• **Required work**: Report every line of the listing below in which the string "hier" appears.

• **Provided records**:
==*==
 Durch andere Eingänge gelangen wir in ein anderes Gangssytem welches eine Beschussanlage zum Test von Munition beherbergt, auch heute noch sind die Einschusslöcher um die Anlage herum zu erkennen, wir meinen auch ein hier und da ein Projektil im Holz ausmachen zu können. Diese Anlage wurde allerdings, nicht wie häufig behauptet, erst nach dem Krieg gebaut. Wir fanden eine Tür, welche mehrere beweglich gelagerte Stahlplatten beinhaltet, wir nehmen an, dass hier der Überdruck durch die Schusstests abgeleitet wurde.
==*==
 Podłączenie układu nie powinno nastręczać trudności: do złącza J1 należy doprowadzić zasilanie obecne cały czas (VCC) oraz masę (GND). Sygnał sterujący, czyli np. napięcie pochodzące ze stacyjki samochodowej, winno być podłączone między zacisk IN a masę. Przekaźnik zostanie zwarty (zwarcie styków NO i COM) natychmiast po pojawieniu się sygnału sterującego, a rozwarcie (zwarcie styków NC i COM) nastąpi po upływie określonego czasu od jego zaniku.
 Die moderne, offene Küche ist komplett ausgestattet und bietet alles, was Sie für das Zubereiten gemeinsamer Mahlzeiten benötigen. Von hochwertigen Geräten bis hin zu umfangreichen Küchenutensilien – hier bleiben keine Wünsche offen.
==*==
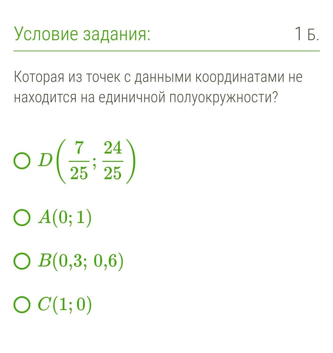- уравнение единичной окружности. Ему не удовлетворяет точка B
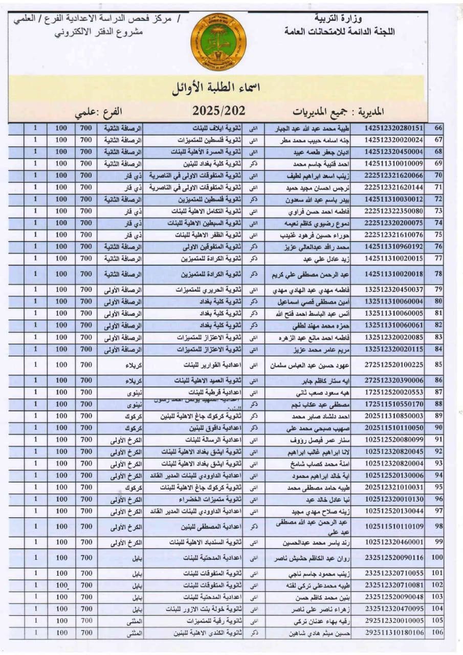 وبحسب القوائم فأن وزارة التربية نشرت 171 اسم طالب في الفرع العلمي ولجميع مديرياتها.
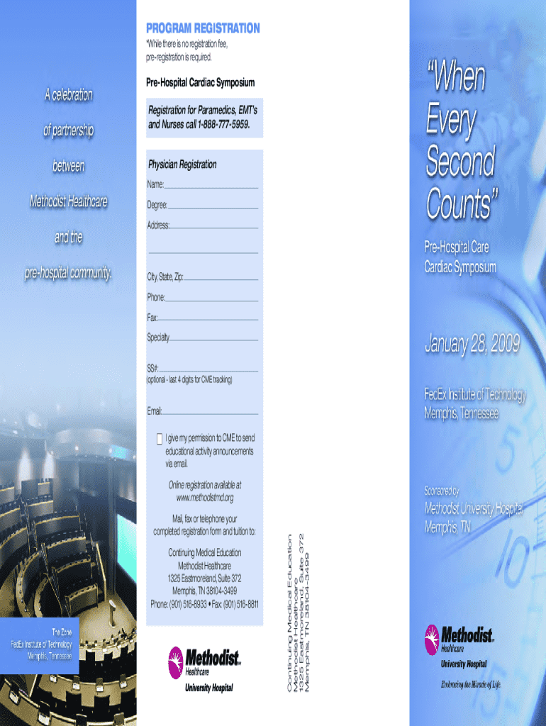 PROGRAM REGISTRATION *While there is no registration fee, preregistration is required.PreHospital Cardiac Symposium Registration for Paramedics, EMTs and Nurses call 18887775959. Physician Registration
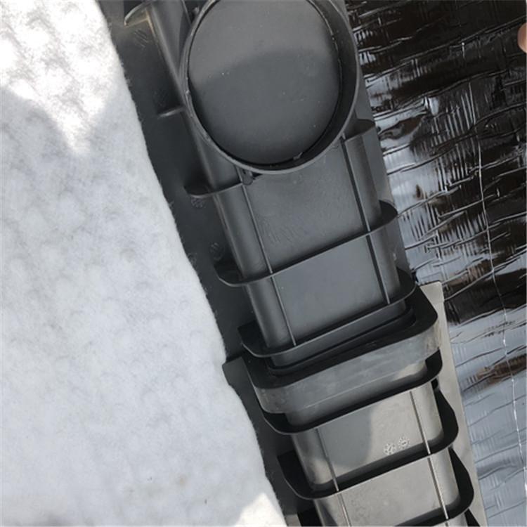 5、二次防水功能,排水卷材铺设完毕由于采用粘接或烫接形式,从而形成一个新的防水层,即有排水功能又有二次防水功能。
==*==
• **Completed task**:
 Durch andere Eingänge gelangen wir in ein anderes Gangssytem welches eine Beschussanlage zum Test von Munition beherbergt, auch heute noch sind die Einschusslöcher um die Anlage herum zu erkennen, wir meinen auch ein hier und da ein Projektil im Holz ausmachen zu können. Diese Anlage wurde allerdings, nicht wie häufig behauptet, erst nach dem Krieg gebaut. Wir fanden eine Tür, welche mehrere beweglich gelagerte Stahlplatten beinhaltet, wir nehmen an, dass hier der Überdruck durch die Schusstests abgeleitet wurde.
 Die moderne, offene Küche ist komplett ausgestattet und bietet alles, was Sie für das Zubereiten gemeinsamer Mahlzeiten benötigen. Von hochwertigen Geräten bis hin zu umfangreichen Küchenutensilien – hier bleiben keine Wünsche offen.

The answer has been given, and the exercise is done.